__Extracted data__
○ ○ ○ ○ ○

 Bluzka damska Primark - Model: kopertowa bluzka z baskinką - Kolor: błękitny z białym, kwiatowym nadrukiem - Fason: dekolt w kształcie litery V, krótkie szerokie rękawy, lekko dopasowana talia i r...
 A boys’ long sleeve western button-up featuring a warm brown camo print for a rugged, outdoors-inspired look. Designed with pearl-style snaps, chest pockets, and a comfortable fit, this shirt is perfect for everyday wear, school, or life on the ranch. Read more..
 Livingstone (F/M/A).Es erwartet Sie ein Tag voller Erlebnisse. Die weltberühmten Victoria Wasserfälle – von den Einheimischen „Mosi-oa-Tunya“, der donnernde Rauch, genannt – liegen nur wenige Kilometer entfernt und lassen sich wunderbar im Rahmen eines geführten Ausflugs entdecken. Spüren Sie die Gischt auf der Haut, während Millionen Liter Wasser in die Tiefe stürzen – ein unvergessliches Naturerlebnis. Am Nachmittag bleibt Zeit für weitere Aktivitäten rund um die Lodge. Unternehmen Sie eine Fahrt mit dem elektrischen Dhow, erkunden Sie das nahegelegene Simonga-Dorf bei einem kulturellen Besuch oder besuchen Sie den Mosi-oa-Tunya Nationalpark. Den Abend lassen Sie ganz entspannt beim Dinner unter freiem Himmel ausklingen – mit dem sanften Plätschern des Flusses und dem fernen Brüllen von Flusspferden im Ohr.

○ ○ ○ ○ ○

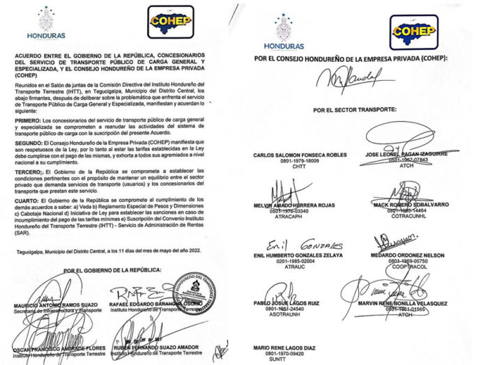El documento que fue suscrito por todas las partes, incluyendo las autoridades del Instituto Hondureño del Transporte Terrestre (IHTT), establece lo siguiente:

○ ○ ○ ○ ○

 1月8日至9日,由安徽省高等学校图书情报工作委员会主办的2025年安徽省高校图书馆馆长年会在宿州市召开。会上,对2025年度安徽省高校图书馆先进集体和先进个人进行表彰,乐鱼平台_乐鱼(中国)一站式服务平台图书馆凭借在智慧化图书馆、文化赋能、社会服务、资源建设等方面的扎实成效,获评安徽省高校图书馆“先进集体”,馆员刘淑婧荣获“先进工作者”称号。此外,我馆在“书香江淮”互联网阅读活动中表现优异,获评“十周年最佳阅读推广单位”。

○ ○ ○ ○ ○

__Task requirements__
Within the material above, output exactly the lines from the one with "Bluzka damska Primark" through the one with "Livingstone (F/M/A).Es erwartet", end lines included, and nothing besides.

__Task response__
 Bluzka damska Primark - Model: kopertowa bluzka z baskinką - Kolor: błękitny z białym, kwiatowym nadrukiem - Fason: dekolt w kształcie litery V, krótkie szerokie rękawy, lekko dopasowana talia i r...
 A boys’ long sleeve western button-up featuring a warm brown camo print for a rugged, outdoors-inspired look. Designed with pearl-style snaps, chest pockets, and a comfortable fit, this shirt is perfect for everyday wear, school, or life on the ranch. Read more..
 Livingstone (F/M/A).Es erwartet Sie ein Tag voller Erlebnisse. Die weltberühmten Victoria Wasserfälle – von den Einheimischen „Mosi-oa-Tunya“, der donnernde Rauch, genannt – liegen nur wenige Kilometer entfernt und lassen sich wunderbar im Rahmen eines geführten Ausflugs entdecken. Spüren Sie die Gischt auf der Haut, während Millionen Liter Wasser in die Tiefe stürzen – ein unvergessliches Naturerlebnis. Am Nachmittag bleibt Zeit für weitere Aktivitäten rund um die Lodge. Unternehmen Sie eine Fahrt mit dem elektrischen Dhow, erkunden Sie das nahegelegene Simonga-Dorf bei einem kulturellen Besuch oder besuchen Sie den Mosi-oa-Tunya Nationalpark. Den Abend lassen Sie ganz entspannt beim Dinner unter freiem Himmel ausklingen – mit dem sanften Plätschern des Flusses und dem fernen Brüllen von Flusspferden im Ohr.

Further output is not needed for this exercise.